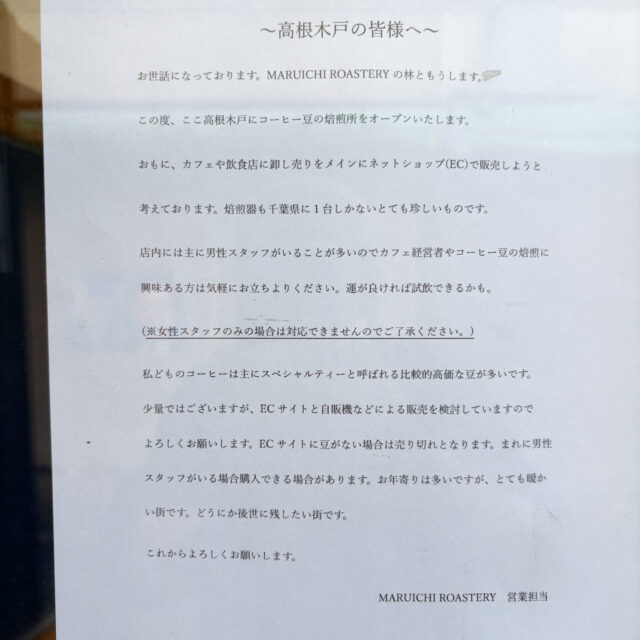 高根木戸駅近くにコーヒー焙煎所「MARUICHI ROASTERY」がオープン予定です。
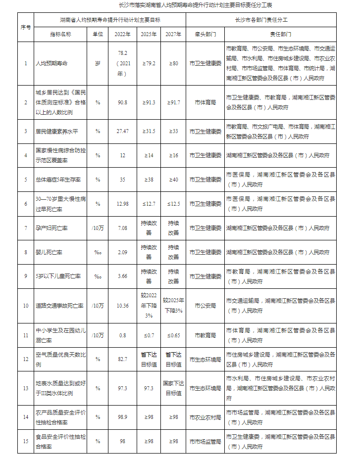 附件:长沙市落实湖南省人均预期寿命提升行动计划主要目标责任分工
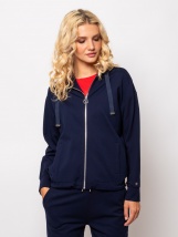 Hanorac cu fermoar pentru femei, croiala mai larga, umeri cazuti, buzunare drepte, culori la moda, mic branding metalic pe maneca, captuseala glugii cu logo. Poarta-l cu pantalonii
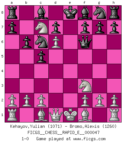 Last move : 1-0 2011 March 2 15:46:29 [Event "FICGS__CHESS__RAPID_E__000047"] [Site "FICGS"] [Date "2011.02.15"] [Round "1"] [White "Kehayov,Yulian"] [Black "Bromo,Alexis"] [Result "1-0"] [WhiteElo "1071"] [BlackElo "1260"] 1.e4 c5 2.Nf3 Nc6 3.Nc3 e6 4.d4 b6 5.d5 exd5 6.exd5 Nce7 7.d6 Nc6 8.Nb5 Qf6 9.Nc7+ 1-0 Sicilian defense Player White won this chess game. Follow this game move after move (download)In Chess, just as in life, today's bliss may be tomorrow's poison. (Assaic) Mit sehr nachdenklichem Gesicht schreitet Bobby durch den Turniersaal. Was ist passiert?, fragt Lombardy. Ich stehe schlecht, antwortet Fischer. Lombardy: Dann biete doch einfach Remis an. Fischer: So schlecht stehe ich nun auch wieder nicht! (Robert James Fischer) Con el tiempo, empecé a progresar en partidas decisivas. Tal vez porque me di cuenta de una simple verdad: no solo estaba yo nervioso sino también mi oponente. (Mikhail Tal) Les Echecs ont trois composantes : le temps, l'espace et le matériel en dernier. (Mikhail Tal) Is not life a hundred times too short to bore ourselves ? (Friedrich Nietzsche)
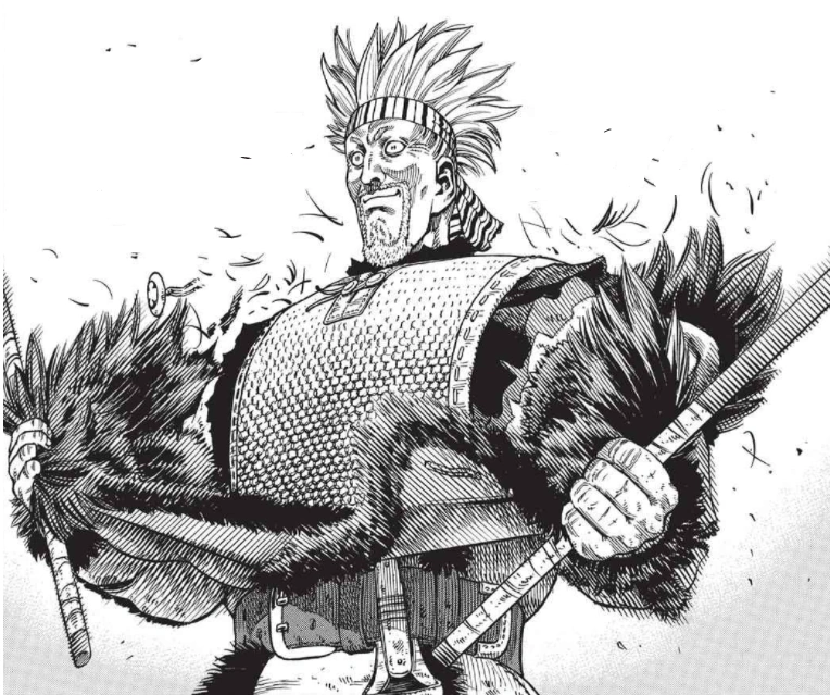 Thorkell's men have finished dispatching of Askeladd's old band and entertain themselves. Some, like Diure and Erik, practice shooting arrows, using Ear's dismembered head as the target. Others loot the corpses and provision carts for anything of value. One comments that the men barely put up a fight and that Thorkell's men may not even have lost a single person; they note that tough ones are hard to find and that they'll never make it to Valhalla at this rate. The looting men notice a crowd is still cheering and wonder if Thorkell's fight is still going, though one notes Thorkell's fights are always over after a few seconds. They get closer and see that Thorfinn is still standing, sweaty but otherwise unharmed, and that he's even managed to draw blood from Thorkell by slashing away at his arms. Thorkell congratulates Thorfinn on his skill and tells him he could count the men who could stand toe-to-toe against Thorfinn on one hand. Thorkell tears off his now wrecked coat, revealing he was indeed wearing the same chainmail as in London. Thorfinn deduces he will have to aim for the tendons and immobilize him before going in for the kill, as going straight for the vital points had not worked out in his favour in London.
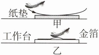6 新情境 [2025河南省实验中学期中改编]“金陵金箔”是国家级非物质文化遗产,金箔轻薄柔软,不能用手直接拿取。如图,工匠手持羽毛扫过纸垫,再将羽毛靠近工作台上的金箔,即可吸起金箔。羽毛与纸垫摩擦后,羽毛由于
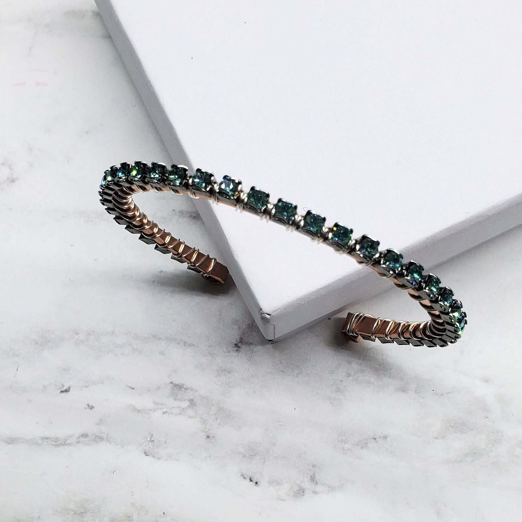 Wire Wrapped Turquoise Crystal Tennis Bangle ✨
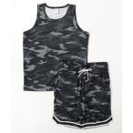パジャマ 速乾 上下セット ダブルフェイスメッシュ タンクトップ&バスケットパンツ バスパン(迷彩、レオパード) PRIMAL POINT
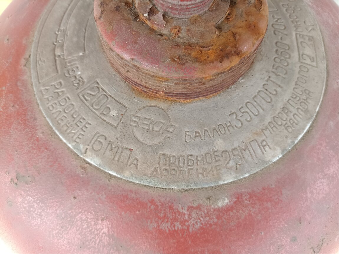 Продам газовый баллон советского качества. ГОСТ 15860-84/15860-70. В то время использовали действительно качественную, толстую сталь, которая служит десятилетиями. Состояние хорошее, хранился бережно, без сквозной коррозии.
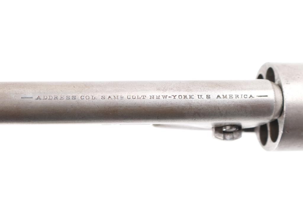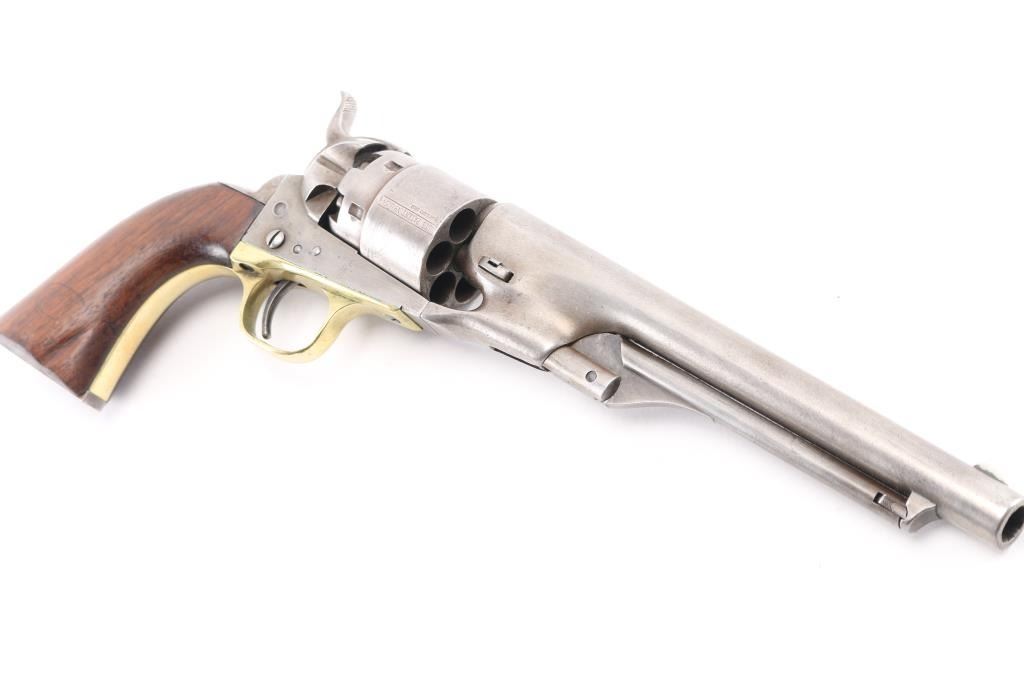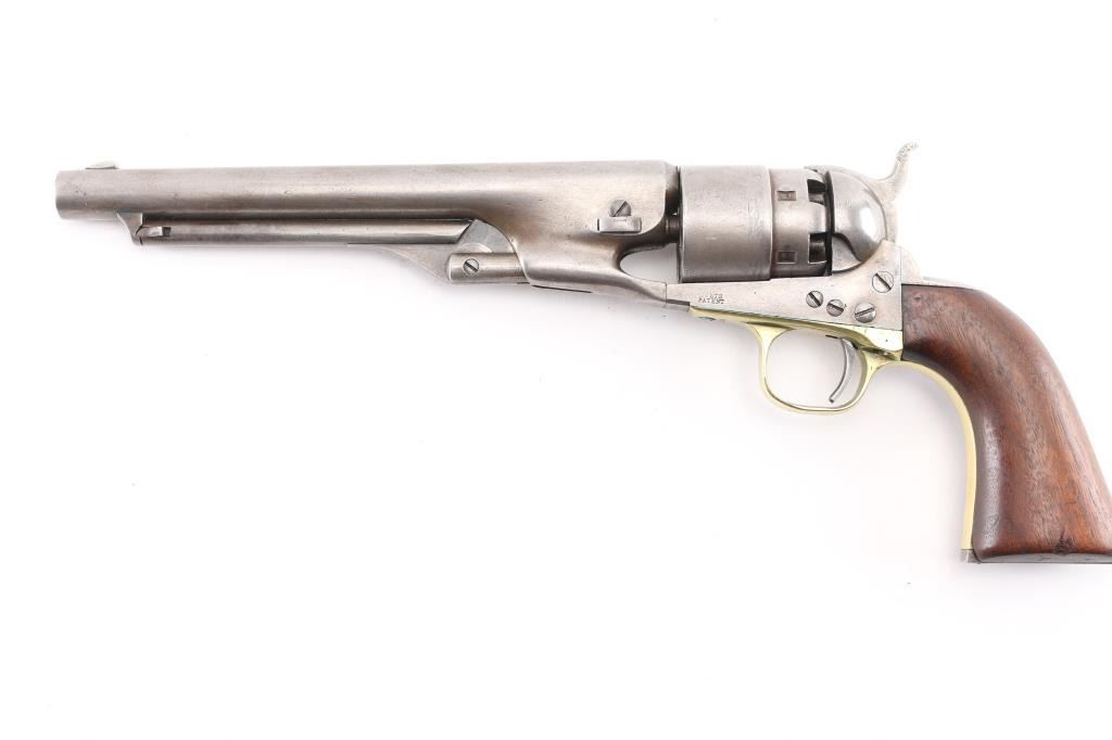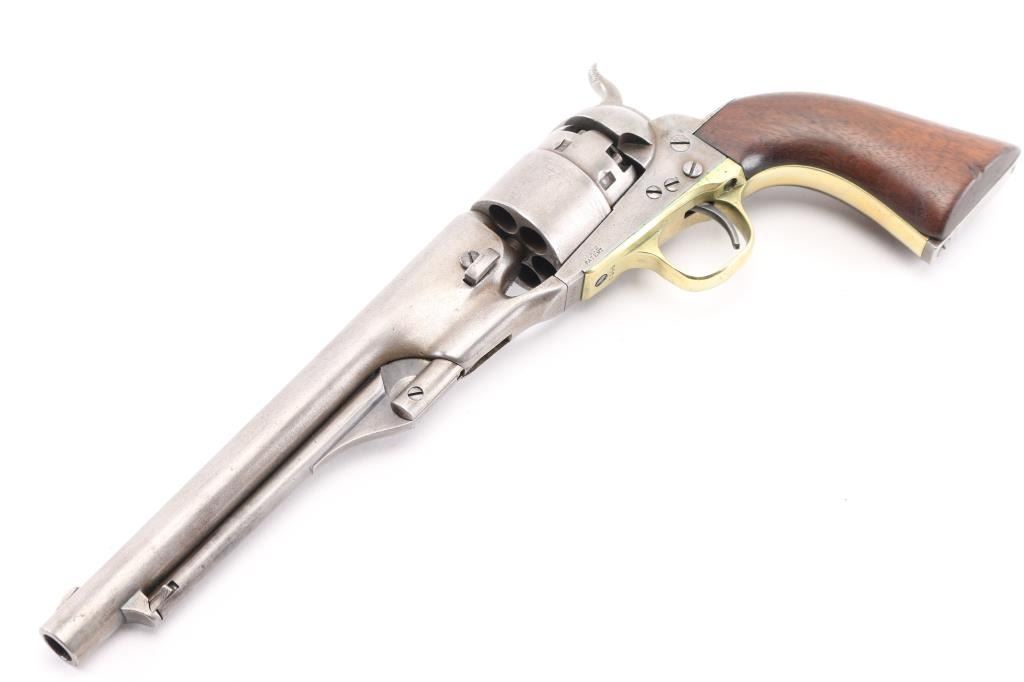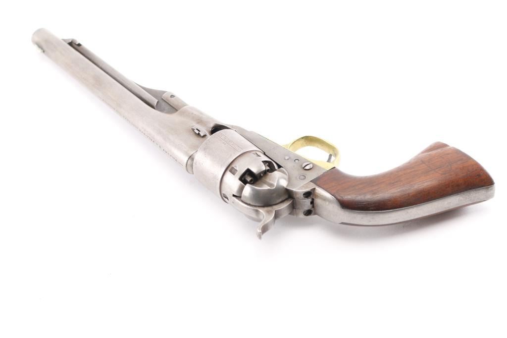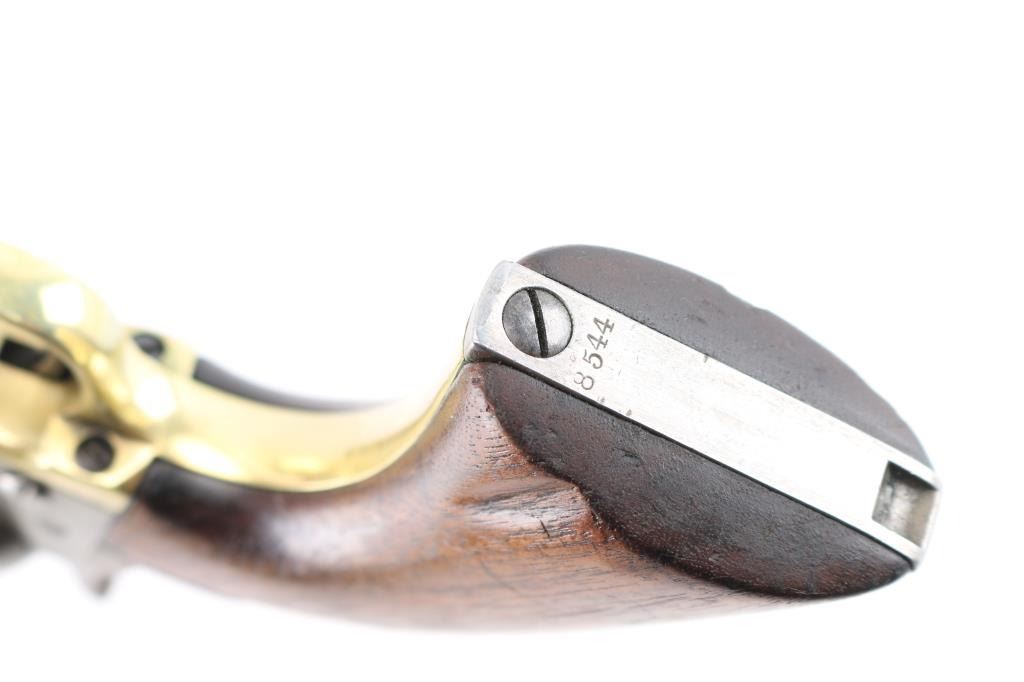 "Four Screw Military Frame" Antique single action cap-n-ball black powder percussion revolver. Early manufacture, circa 1861. Features an 8" round barrel, German silver blade front sight, 'v' notch rear sight cut into the hammer lip, smooth thin trigger, knurled hammer spur, non-fluted six shot cylinder with roll stamped Naval Engagement scene, loading lever, round brass trigger guard, steel backstrap, shoulder stock cuts in the recoil shield & butt and one-piece oil finished smooth walnut grip. Bore is good, fairly bright with sharp rifling, some light frosting or pitting throughout. Metal surfaces show a uniform dull gray or silver color, appears cleaned, with very light roughness from previous patina. Wood grip is good with slight shrinkage, several small chips or gouges. Right side of grip has remnants of an inscription in a large oval, too faint to read. Cylinder scene is visible although faint. Single line barrel address is fairly crisp. Serial number repeated on barrel, cylinder, triggerguard & back strap. Action is sound. Condition is NRA Very Good *** Antique Firearm ***

- Aim of the exercise:
All that is wanted is the lines above between the one containing "附件:长沙市落实湖南省人均预期寿命提升行动计划主要目标责任分工" and the one containing "Hanorac cu fermoar", inclusive, restated word for word, with pictures omitted.

- Task output:
 附件:长沙市落实湖南省人均预期寿命提升行动计划主要目标责任分工
 Hanorac cu fermoar pentru femei, croiala mai larga, umeri cazuti, buzunare drepte, culori la moda, mic branding metalic pe maneca, captuseala glugii cu logo. Poarta-l cu pantalonii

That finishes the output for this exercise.